▶ What you need to do: Restate each record below word for word, skipping images.

Stored items from a collection:
· · · · · · ·

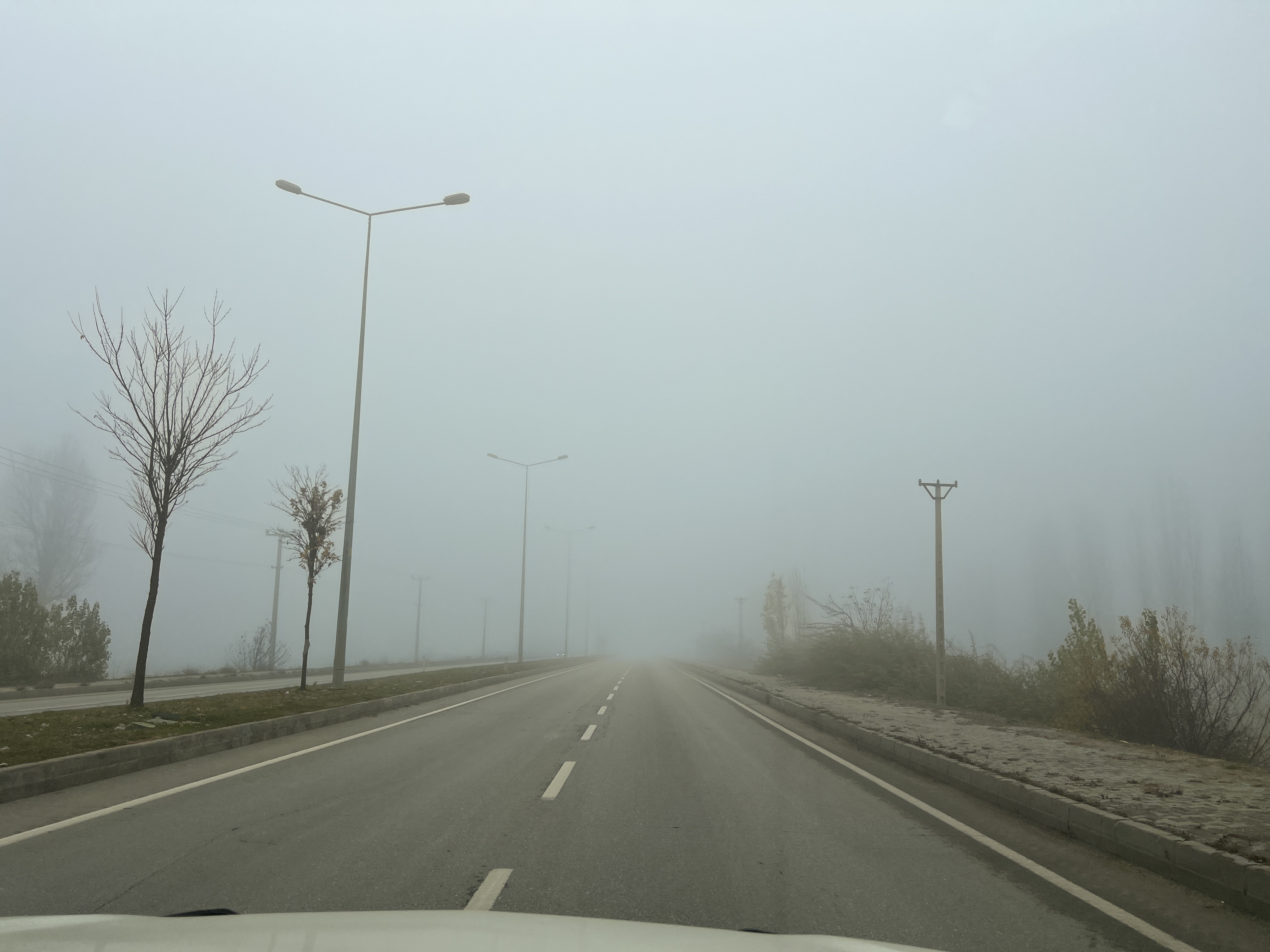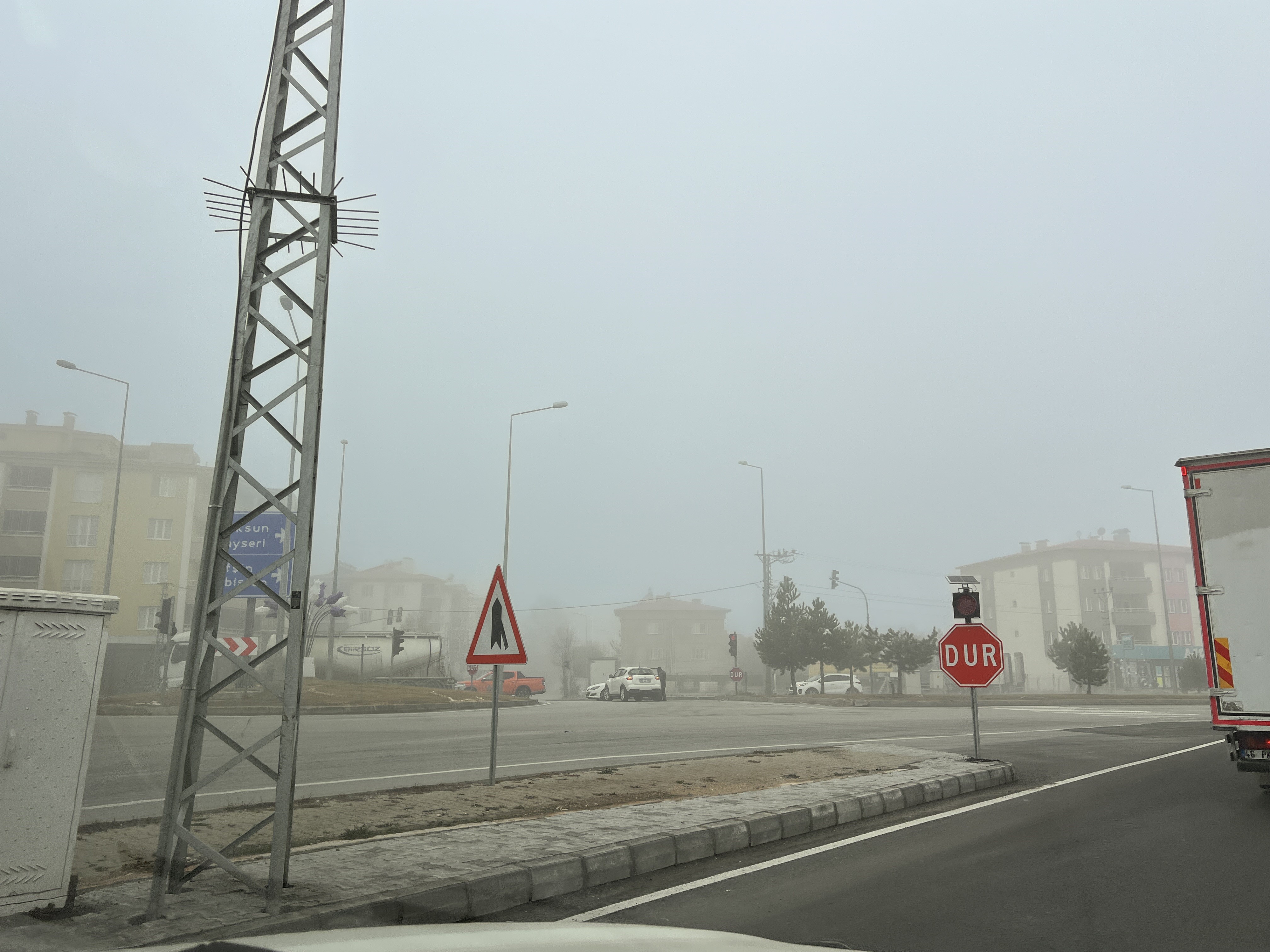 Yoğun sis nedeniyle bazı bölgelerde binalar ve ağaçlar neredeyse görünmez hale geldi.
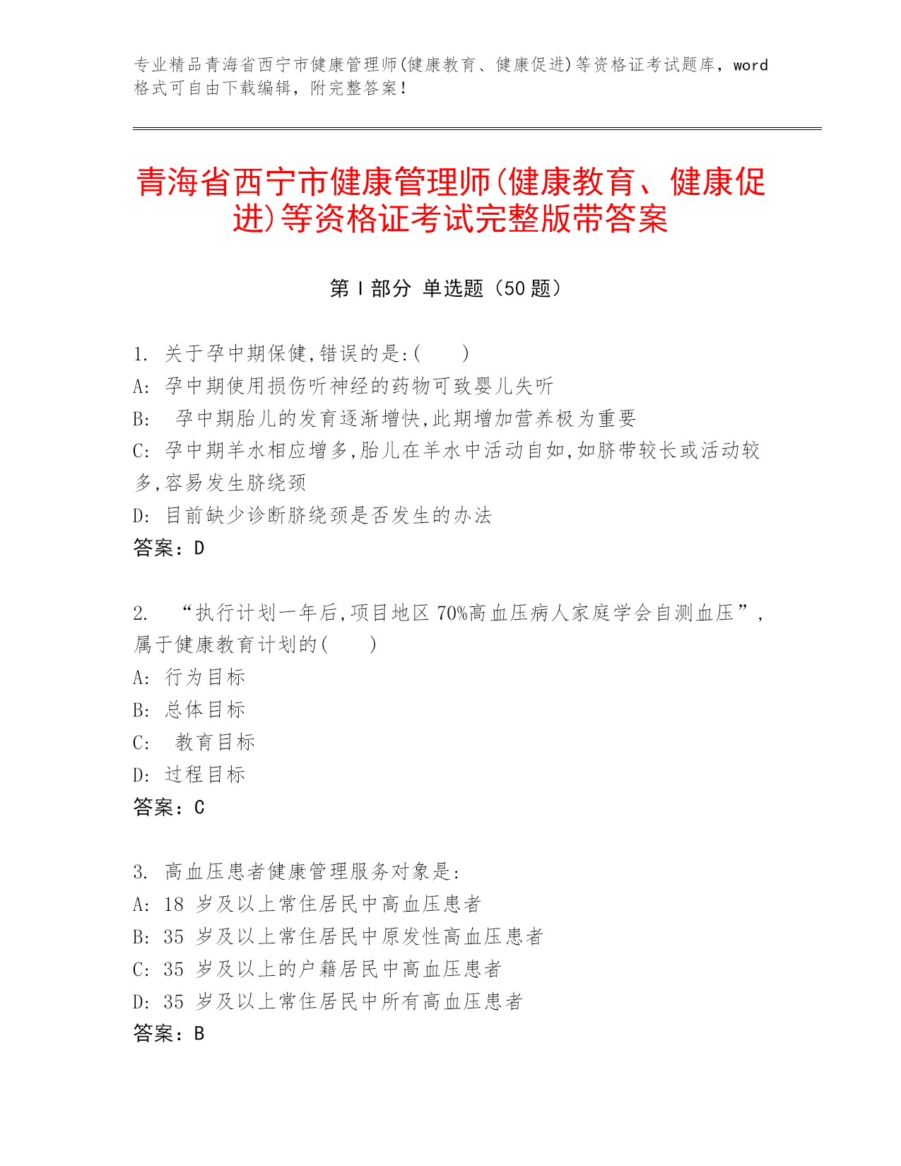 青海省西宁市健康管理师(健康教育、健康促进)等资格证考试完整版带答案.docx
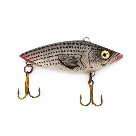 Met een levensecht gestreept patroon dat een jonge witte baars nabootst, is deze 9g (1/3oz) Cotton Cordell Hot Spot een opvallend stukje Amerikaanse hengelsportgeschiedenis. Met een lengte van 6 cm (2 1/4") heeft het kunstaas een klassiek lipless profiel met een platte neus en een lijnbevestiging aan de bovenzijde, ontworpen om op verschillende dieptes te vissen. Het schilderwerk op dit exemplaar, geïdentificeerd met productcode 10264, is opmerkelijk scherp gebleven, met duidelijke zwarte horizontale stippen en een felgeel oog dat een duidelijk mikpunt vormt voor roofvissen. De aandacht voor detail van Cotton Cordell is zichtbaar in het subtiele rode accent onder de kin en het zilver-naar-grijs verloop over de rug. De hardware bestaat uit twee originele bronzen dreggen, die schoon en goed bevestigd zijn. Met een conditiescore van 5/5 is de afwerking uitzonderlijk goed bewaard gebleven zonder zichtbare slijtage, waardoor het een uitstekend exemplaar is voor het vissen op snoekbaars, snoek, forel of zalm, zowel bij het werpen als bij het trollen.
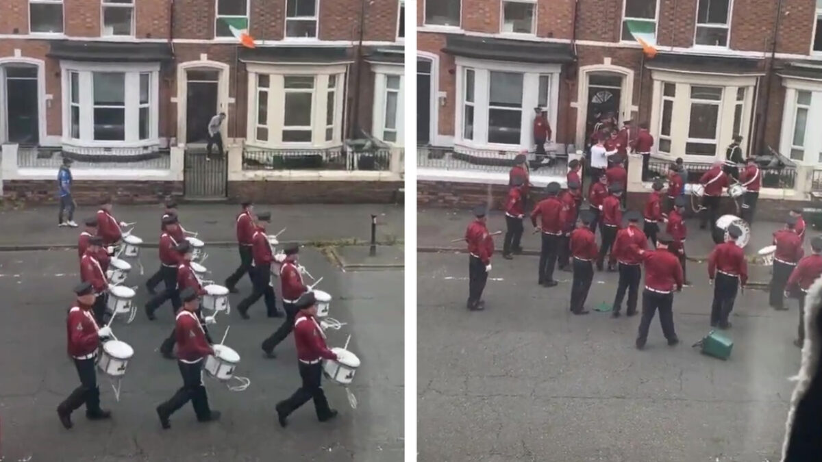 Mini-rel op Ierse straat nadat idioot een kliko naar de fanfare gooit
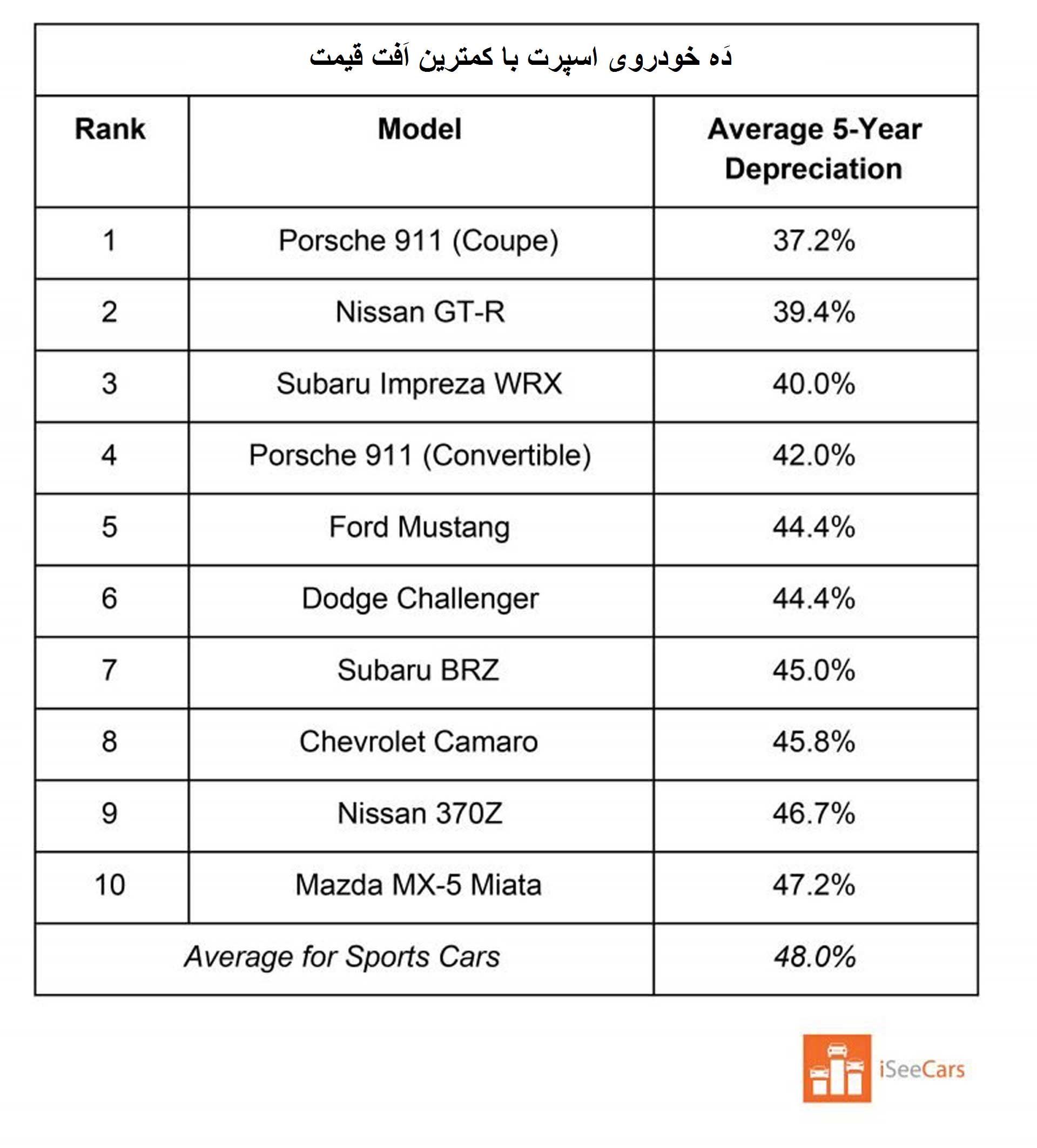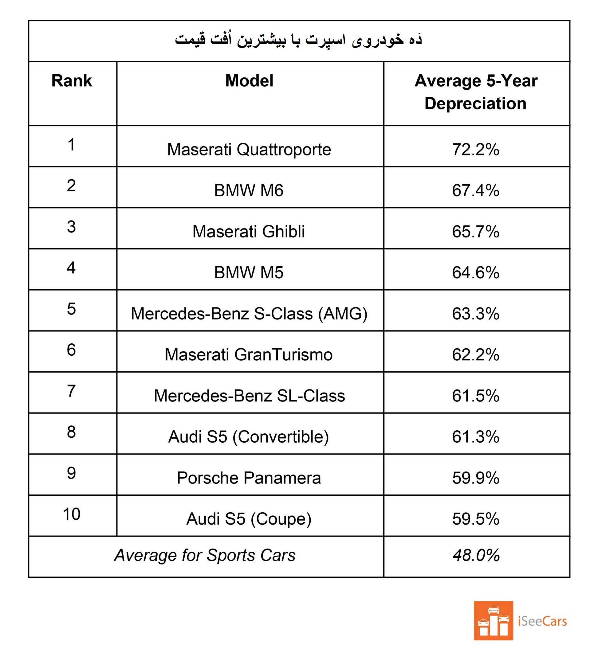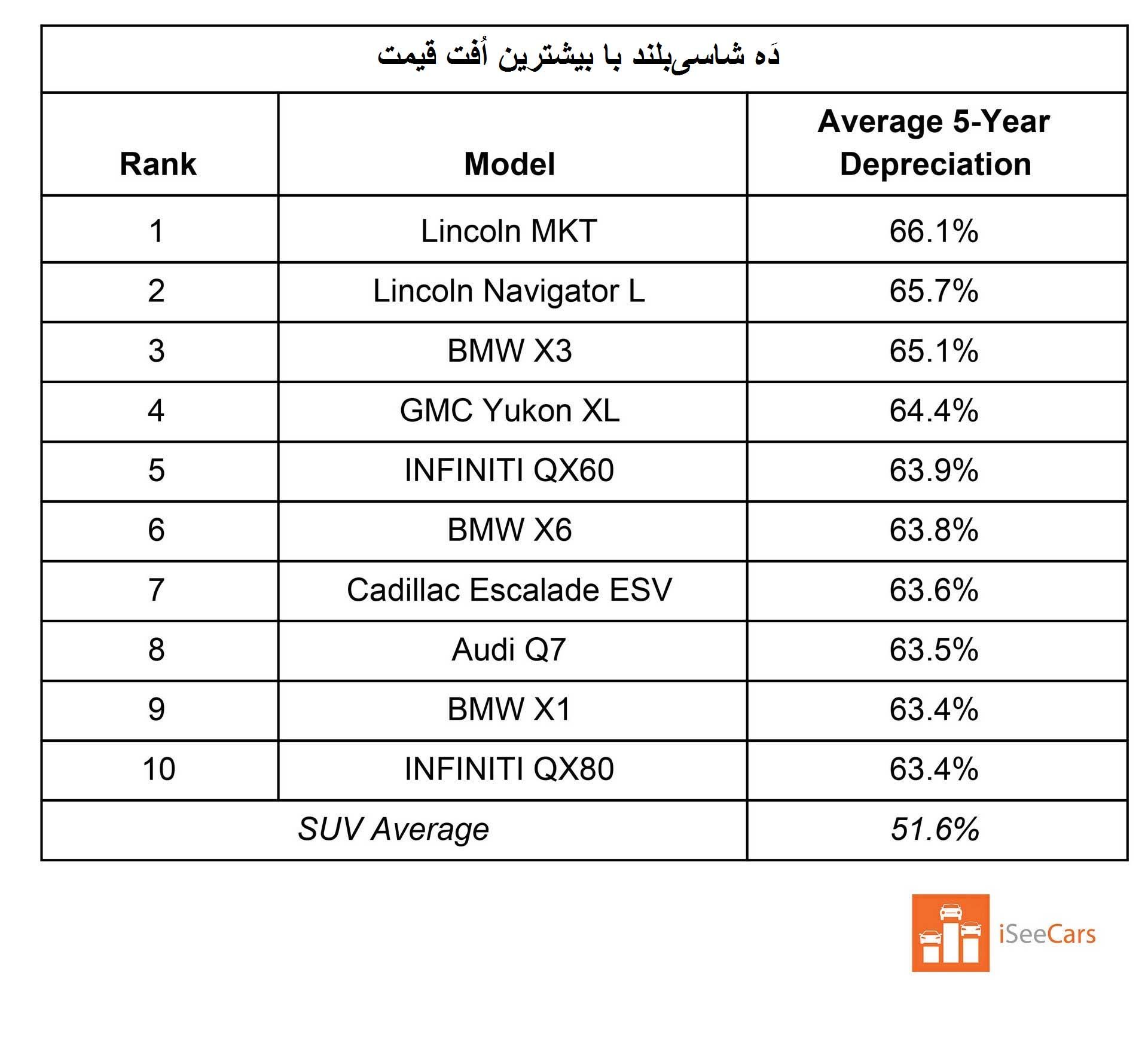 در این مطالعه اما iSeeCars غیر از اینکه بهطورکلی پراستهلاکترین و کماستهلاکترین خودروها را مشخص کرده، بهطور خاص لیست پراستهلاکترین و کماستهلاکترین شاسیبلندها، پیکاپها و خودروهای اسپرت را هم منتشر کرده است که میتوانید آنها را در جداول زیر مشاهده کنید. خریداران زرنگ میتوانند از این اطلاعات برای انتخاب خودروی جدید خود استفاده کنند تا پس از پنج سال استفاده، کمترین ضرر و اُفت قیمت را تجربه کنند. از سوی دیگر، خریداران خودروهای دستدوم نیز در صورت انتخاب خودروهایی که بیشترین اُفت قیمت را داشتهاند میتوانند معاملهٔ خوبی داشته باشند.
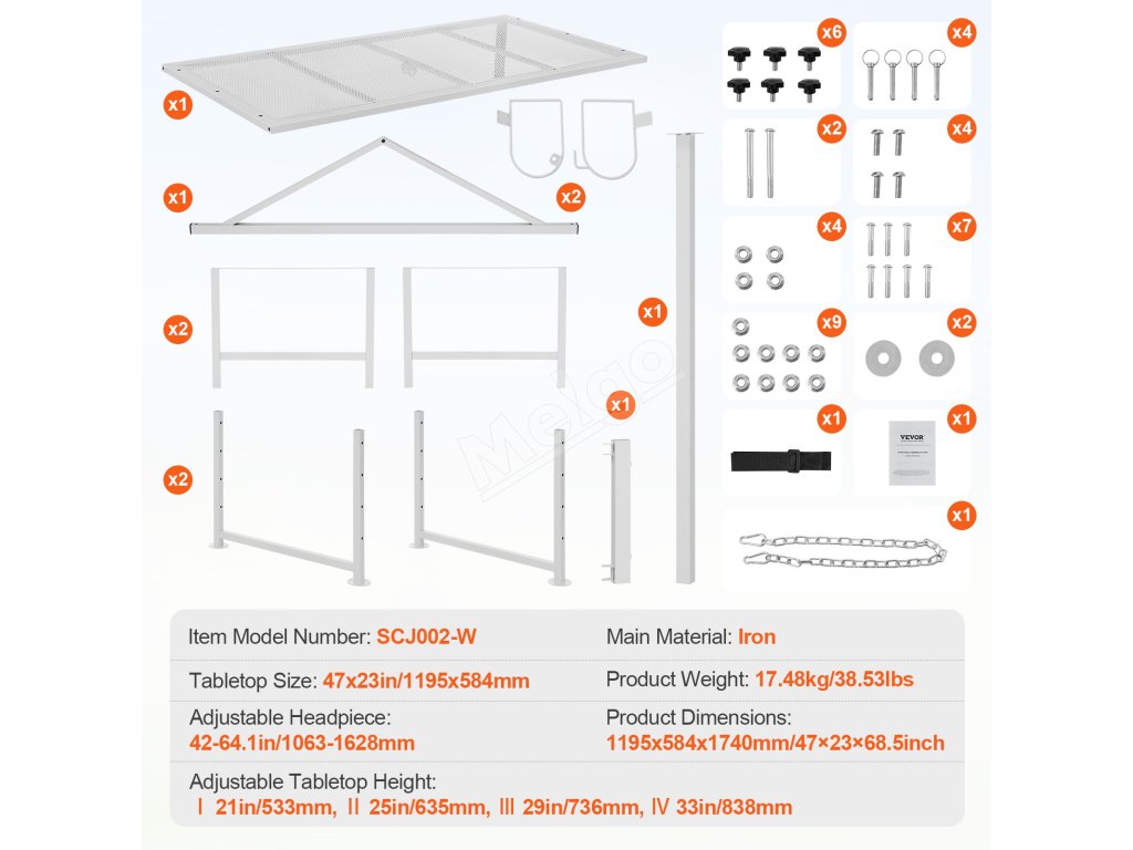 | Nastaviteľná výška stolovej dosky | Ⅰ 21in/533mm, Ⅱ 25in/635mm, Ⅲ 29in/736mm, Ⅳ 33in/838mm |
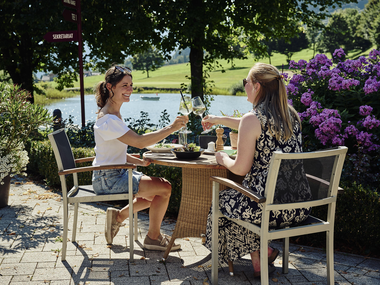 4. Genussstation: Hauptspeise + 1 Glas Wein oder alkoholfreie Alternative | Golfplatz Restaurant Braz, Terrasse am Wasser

· · · · · · ·

▶ Response to the exercise:
 Yoğun sis nedeniyle bazı bölgelerde binalar ve ağaçlar neredeyse görünmez hale geldi.
 青海省西宁市健康管理师(健康教育、健康促进)等资格证考试完整版带答案.docx
 Met een levensecht gestreept patroon dat een jonge witte baars nabootst, is deze 9g (1/3oz) Cotton Cordell Hot Spot een opvallend stukje Amerikaanse hengelsportgeschiedenis. Met een lengte van 6 cm (2 1/4") heeft het kunstaas een klassiek lipless profiel met een platte neus en een lijnbevestiging aan de bovenzijde, ontworpen om op verschillende dieptes te vissen. Het schilderwerk op dit exemplaar, geïdentificeerd met productcode 10264, is opmerkelijk scherp gebleven, met duidelijke zwarte horizontale stippen en een felgeel oog dat een duidelijk mikpunt vormt voor roofvissen. De aandacht voor detail van Cotton Cordell is zichtbaar in het subtiele rode accent onder de kin en het zilver-naar-grijs verloop over de rug. De hardware bestaat uit twee originele bronzen dreggen, die schoon en goed bevestigd zijn. Met een conditiescore van 5/5 is de afwerking uitzonderlijk goed bewaard gebleven zonder zichtbare slijtage, waardoor het een uitstekend exemplaar is voor het vissen op snoekbaars, snoek, forel of zalm, zowel bij het werpen als bij het trollen.
 Mini-rel op Ierse straat nadat idioot een kliko naar de fanfare gooit
 در این مطالعه اما iSeeCars غیر از اینکه بهطورکلی پراستهلاکترین و کماستهلاکترین خودروها را مشخص کرده، بهطور خاص لیست پراستهلاکترین و کماستهلاکترین شاسیبلندها، پیکاپها و خودروهای اسپرت را هم منتشر کرده است که میتوانید آنها را در جداول زیر مشاهده کنید. خریداران زرنگ میتوانند از این اطلاعات برای انتخاب خودروی جدید خود استفاده کنند تا پس از پنج سال استفاده، کمترین ضرر و اُفت قیمت را تجربه کنند. از سوی دیگر، خریداران خودروهای دستدوم نیز در صورت انتخاب خودروهایی که بیشترین اُفت قیمت را داشتهاند میتوانند معاملهٔ خوبی داشته باشند.
 | Nastaviteľná výška stolovej dosky | Ⅰ 21in/533mm, Ⅱ 25in/635mm, Ⅲ 29in/736mm, Ⅳ 33in/838mm |
 4. Genussstation: Hauptspeise + 1 Glas Wein oder alkoholfreie Alternative | Golfplatz Restaurant Braz, Terrasse am Wasser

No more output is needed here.